## [What is needed]
Word for word, set down the records and skip each picture.
⁂
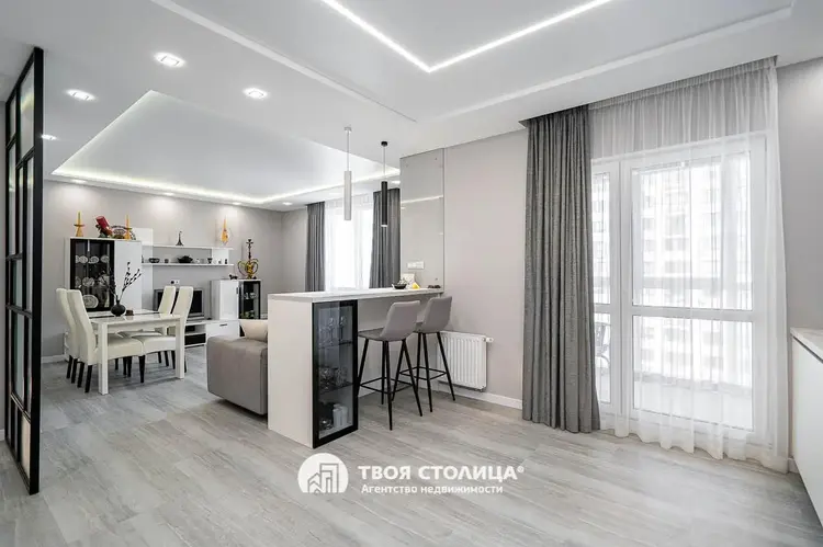 Современная двухкомнатная квартира в многофункциональном комплексе Маяк Минска.Двухкомнатная квартира по адресу ул. Туровского, д. 24 (Первомайский район)Материал стен: каркасно-блочныйГод постройки: 2018Этаж: 6/20Площадь по СНБ: 69.4 Общая площадь: 66.2 Жилая площадь: 56.7Высота потолка: 2.74Мебель, бытовая техника и предметы интерьера - всё остается новому собственнику. Из квартиры открывается великолепный вид на главный бульвар Маяка Минска.Современный и стильный ремонт. Напольное покрытие - кварцвинил. Стены и потолок выровнены и покрашены. Установлены оригинальные светильники и кондиционер Daikin. Оптимальное пространство выделено под кухню-гостиную. Встроенная кухонная мебель с системой хранения и бытовой техникой: варочная панель, духовой шкаф, вытяжка, посудомоечная машина и холодильник. Продуманные места хранения. В спальне вместительный шкаф-гардеробная. В санузле есть все необходимое сантехническое оборудование, а также мебель для ванной комнаты и бойлер. Входная металлическая дверь.В подъезде стильно оформленное лобби. Установлены лифты компании OTIS. Подключена система видеонаблюдения подъезда и придомовой территории. Отлично развита инфраструктура микрорайона: рядом детские сады, новая общеобразовательная школа, торговые и бизнес-центры, объекты сервисного обслуживания и досуга. Шаговая доступность до остановок общественного транспорта и станции метро Восток. Dana Mall — самый крупный торгово-развлекательный центр в Беларуси и Национальная библиотека расположены всего в пяти минутах ходьбы.Удобный выезд на МКАД, хорошее транспортное сообщение со всеми районами столицы и пригородом. 10 минут пешком до станции метро Восток. Развитая транспортная сеть: автобусы, троллейбусы, маршрутные такси.Дом расположен в живописном месте - у набережной канала Слепянской водной системы. Зелёная зона, многочисленные места для прогулок и отдыха. Прямая продажаРасширенные консультации по покупке, продаже и обмену вашей недвижимости можно получить в офисе Центральном, расположенном в Бизнес-центре Kiroff по адресу Минск, улица Кирова, 8. 2 этажСмотреть подробнее ТОП-20 ДЕШЕВЫХ КВАРТИРБАЗА ПОКУПАТЕЛЕЙ – узнайте, кто готов купить вашу квартиру прямо сейчас!КАЛЬКУЛЯТОР СТОИМОСТИ ЖИЛЬЯ – онлайн- расчет стоимости вашей квартиры!ПЕРЕЕЗЖАЕМ В НОВОСТРОЙКУ- программа обмена старого жилья на новое. 2 сделки в 1 день!ПАРТНЕР-КРЕДИТ сопровождение кредитования для покупки и обмена «под ключ»ВАШ ВАРИАНТ- проверка квартир перед покупкой и оформление сделки, если вы нашли объект самостоятельно. ООО "Твоя столица", УНП 101136973, лицензия №02240/15 от 17.02.05г.
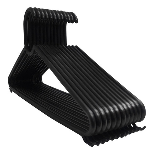 KIT COM 90 CABIDES REFORÇADOS ANTI-DESLIZANTES EM POLIPROPILENO COM FORMATO ARREDONDADO. Características: - Altura: 17 cm - Comprimento: 37 cm - Espessura: 07 mm (0,7 cm) - Cor: Preto Nossos cabides foram projetados após um longo período de pesquisas e análise com nossos clientes sendo um modelo mais resistente e com uma espessura maior diferenciando dos demais concorrentes e trazendo mais rigidez e robustez estrutural. Os cabides possuem formato arredondado e liso não deixando marcas na roupa e prolongando assim a vida útil das roupas. Modelo exclusivo próprio para atender desde o atacadista, lavanderias, Lojas de Roupas e até o usuário mais exigente. Seu tamanho é compatível com todos os guarda-roupas, possuindo um ótimo acabamento, trazendo a funcionalidade e a simplicidade ao tirar e colocar roupas, além de contar com alças para pendurar peças delicadas. O modelo foi projetado para todas suas peças de roupas e acessórios, ele evita que as peças deslizem e se danifique. Com material resistente e com reforço estrutural na parte inferior do cabide seu design com curvas delicadas e mantendo uma aparência simples, funcional, moderna e contemporânea.
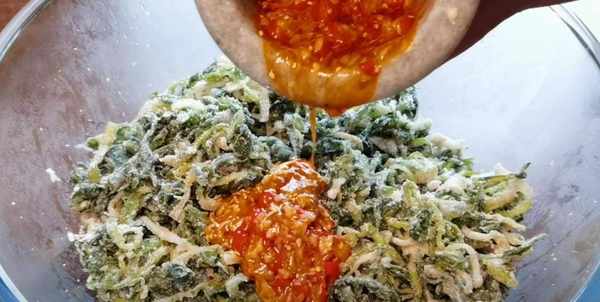 第4步、再然后放入普通的面粉即可,少量多次的放入进行搅拌均匀,让每根叶子上都裹上面粉就可以了,而且还是松散的状态。
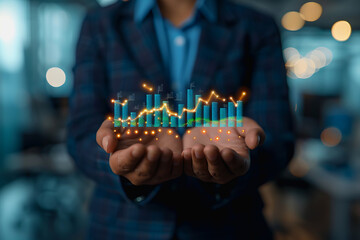Financial data graph displaying upward trend on blue abstract background
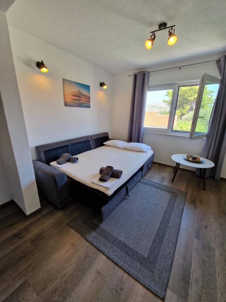 Gorąco polecam. Apartamenty są nowe, bardzo gustownie urządzone, klimatyzacja, okiennice, moskitiery, parking ... Do plaży jest 5 minut na piechotę. Do Trogiru 15-20 minut na piechotę. Zabiera również małą łódkę do centrum Trogiru. Sklep 2 min. Wszystko jest piękne i bardzo czyste. Gospodarze są bardzo przyjaźni i pomocni. Znajduje się w miłym, cichym miejscu z widokiem na morze. Gorąco polecam. Dziękuję
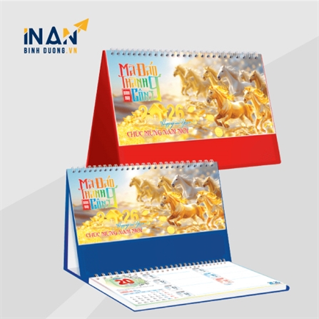 Dịch vụ in lịch Tết 2026 tại In Ấn Bình Dương với chủ đề “Mã Đáo Thành Công”. Thiết kế sang trọng,…
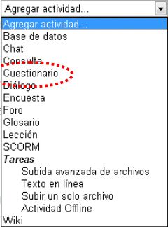 Dentro da lista de actividades que podemos colocar están os cuestionarios
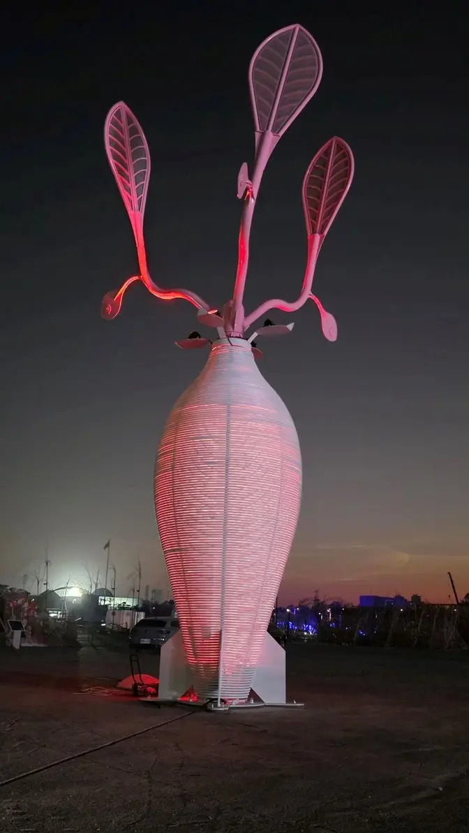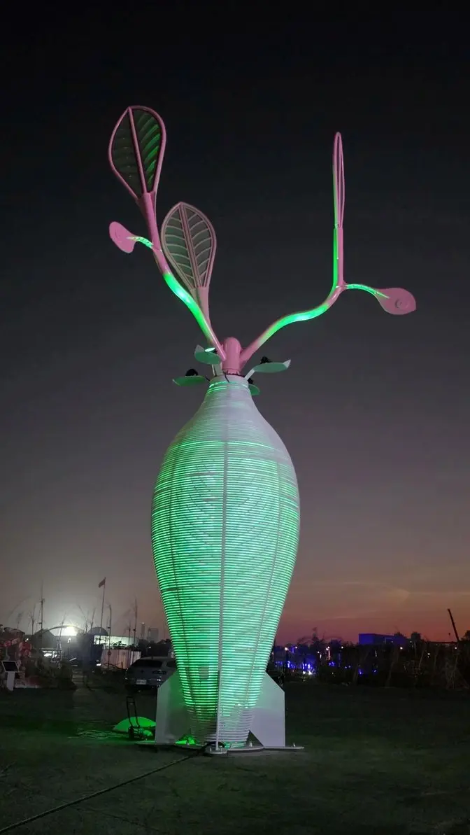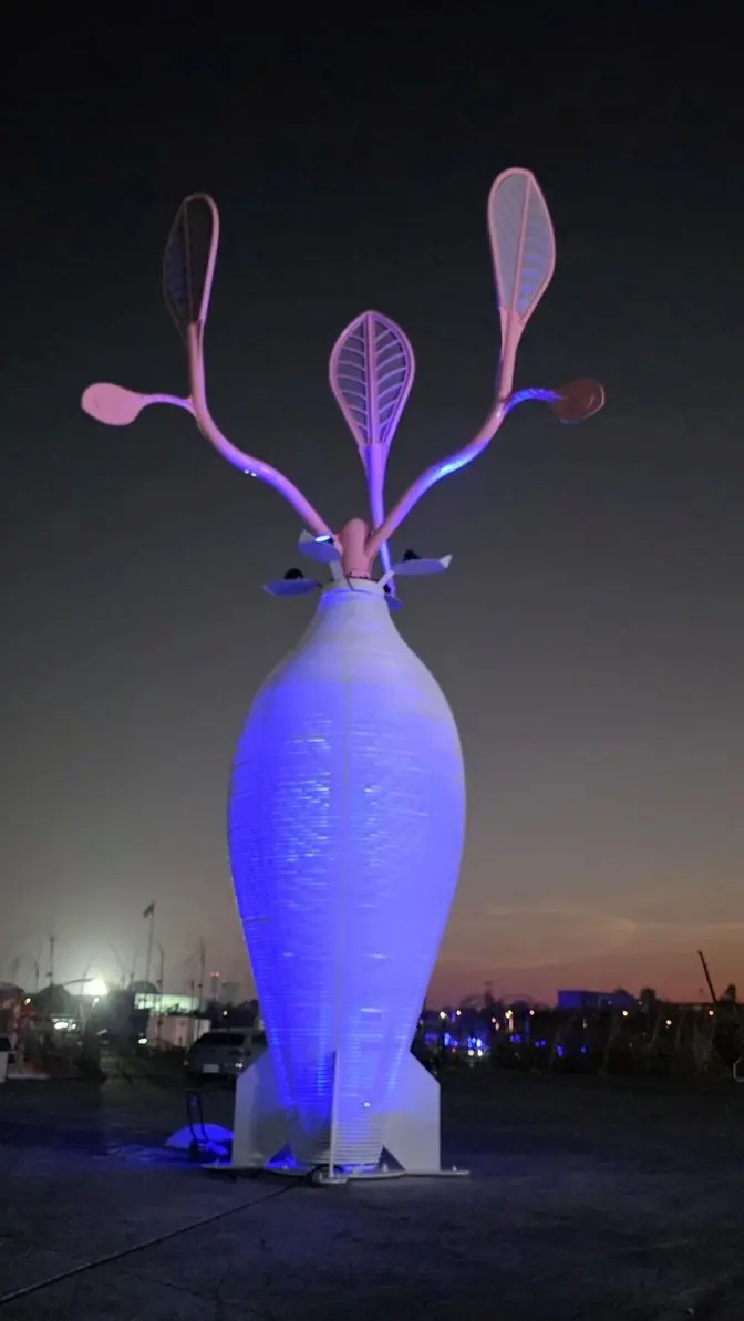 主燈設計巧妙導入風動裝置,讓三槓枝葉隨自然風律動搖曳,生動詮釋「生活、生產、生態」三生共融的農村再生精神;夜間則透過精緻燈光設計,自金屬結構中層層透射漸層色彩,使整座巨樹宛如會呼吸的生命體,展現人與環境和諧共生的當代美學。
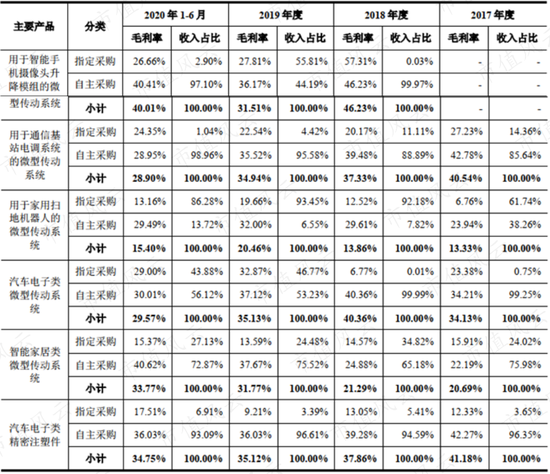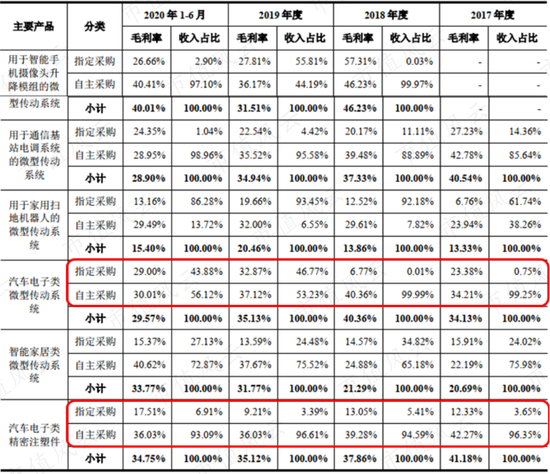 比如说用于家用扫地机器人的微传系统,客户多数是代工厂,指定采购模式占比高达93.5%,而相应的毛利率只有19.7%,远低于自主采购模式下的32.0%。
⁂
## [Answer area]
 Современная двухкомнатная квартира в многофункциональном комплексе Маяк Минска.Двухкомнатная квартира по адресу ул. Туровского, д. 24 (Первомайский район)Материал стен: каркасно-блочныйГод постройки: 2018Этаж: 6/20Площадь по СНБ: 69.4 Общая площадь: 66.2 Жилая площадь: 56.7Высота потолка: 2.74Мебель, бытовая техника и предметы интерьера - всё остается новому собственнику. Из квартиры открывается великолепный вид на главный бульвар Маяка Минска.Современный и стильный ремонт. Напольное покрытие - кварцвинил. Стены и потолок выровнены и покрашены. Установлены оригинальные светильники и кондиционер Daikin. Оптимальное пространство выделено под кухню-гостиную. Встроенная кухонная мебель с системой хранения и бытовой техникой: варочная панель, духовой шкаф, вытяжка, посудомоечная машина и холодильник. Продуманные места хранения. В спальне вместительный шкаф-гардеробная. В санузле есть все необходимое сантехническое оборудование, а также мебель для ванной комнаты и бойлер. Входная металлическая дверь.В подъезде стильно оформленное лобби. Установлены лифты компании OTIS. Подключена система видеонаблюдения подъезда и придомовой территории. Отлично развита инфраструктура микрорайона: рядом детские сады, новая общеобразовательная школа, торговые и бизнес-центры, объекты сервисного обслуживания и досуга. Шаговая доступность до остановок общественного транспорта и станции метро Восток. Dana Mall — самый крупный торгово-развлекательный центр в Беларуси и Национальная библиотека расположены всего в пяти минутах ходьбы.Удобный выезд на МКАД, хорошее транспортное сообщение со всеми районами столицы и пригородом. 10 минут пешком до станции метро Восток. Развитая транспортная сеть: автобусы, троллейбусы, маршрутные такси.Дом расположен в живописном месте - у набережной канала Слепянской водной системы. Зелёная зона, многочисленные места для прогулок и отдыха. Прямая продажаРасширенные консультации по покупке, продаже и обмену вашей недвижимости можно получить в офисе Центральном, расположенном в Бизнес-центре Kiroff по адресу Минск, улица Кирова, 8. 2 этажСмотреть подробнее ТОП-20 ДЕШЕВЫХ КВАРТИРБАЗА ПОКУПАТЕЛЕЙ – узнайте, кто готов купить вашу квартиру прямо сейчас!КАЛЬКУЛЯТОР СТОИМОСТИ ЖИЛЬЯ – онлайн- расчет стоимости вашей квартиры!ПЕРЕЕЗЖАЕМ В НОВОСТРОЙКУ- программа обмена старого жилья на новое. 2 сделки в 1 день!ПАРТНЕР-КРЕДИТ сопровождение кредитования для покупки и обмена «под ключ»ВАШ ВАРИАНТ- проверка квартир перед покупкой и оформление сделки, если вы нашли объект самостоятельно. ООО "Твоя столица", УНП 101136973, лицензия №02240/15 от 17.02.05г.
 KIT COM 90 CABIDES REFORÇADOS ANTI-DESLIZANTES EM POLIPROPILENO COM FORMATO ARREDONDADO. Características: - Altura: 17 cm - Comprimento: 37 cm - Espessura: 07 mm (0,7 cm) - Cor: Preto Nossos cabides foram projetados após um longo período de pesquisas e análise com nossos clientes sendo um modelo mais resistente e com uma espessura maior diferenciando dos demais concorrentes e trazendo mais rigidez e robustez estrutural. Os cabides possuem formato arredondado e liso não deixando marcas na roupa e prolongando assim a vida útil das roupas. Modelo exclusivo próprio para atender desde o atacadista, lavanderias, Lojas de Roupas e até o usuário mais exigente. Seu tamanho é compatível com todos os guarda-roupas, possuindo um ótimo acabamento, trazendo a funcionalidade e a simplicidade ao tirar e colocar roupas, além de contar com alças para pendurar peças delicadas. O modelo foi projetado para todas suas peças de roupas e acessórios, ele evita que as peças deslizem e se danifique. Com material resistente e com reforço estrutural na parte inferior do cabide seu design com curvas delicadas e mantendo uma aparência simples, funcional, moderna e contemporânea.
 第4步、再然后放入普通的面粉即可,少量多次的放入进行搅拌均匀,让每根叶子上都裹上面粉就可以了,而且还是松散的状态。
Financial data graph displaying upward trend on blue abstract background
 Gorąco polecam. Apartamenty są nowe, bardzo gustownie urządzone, klimatyzacja, okiennice, moskitiery, parking ... Do plaży jest 5 minut na piechotę. Do Trogiru 15-20 minut na piechotę. Zabiera również małą łódkę do centrum Trogiru. Sklep 2 min. Wszystko jest piękne i bardzo czyste. Gospodarze są bardzo przyjaźni i pomocni. Znajduje się w miłym, cichym miejscu z widokiem na morze. Gorąco polecam. Dziękuję
 Dịch vụ in lịch Tết 2026 tại In Ấn Bình Dương với chủ đề “Mã Đáo Thành Công”. Thiết kế sang trọng,…
 Dentro da lista de actividades que podemos colocar están os cuestionarios
 主燈設計巧妙導入風動裝置,讓三槓枝葉隨自然風律動搖曳,生動詮釋「生活、生產、生態」三生共融的農村再生精神;夜間則透過精緻燈光設計,自金屬結構中層層透射漸層色彩,使整座巨樹宛如會呼吸的生命體,展現人與環境和諧共生的當代美學。
 比如说用于家用扫地机器人的微传系统,客户多数是代工厂,指定采购模式占比高达93.5%,而相应的毛利率只有19.7%,远低于自主采购模式下的32.0%。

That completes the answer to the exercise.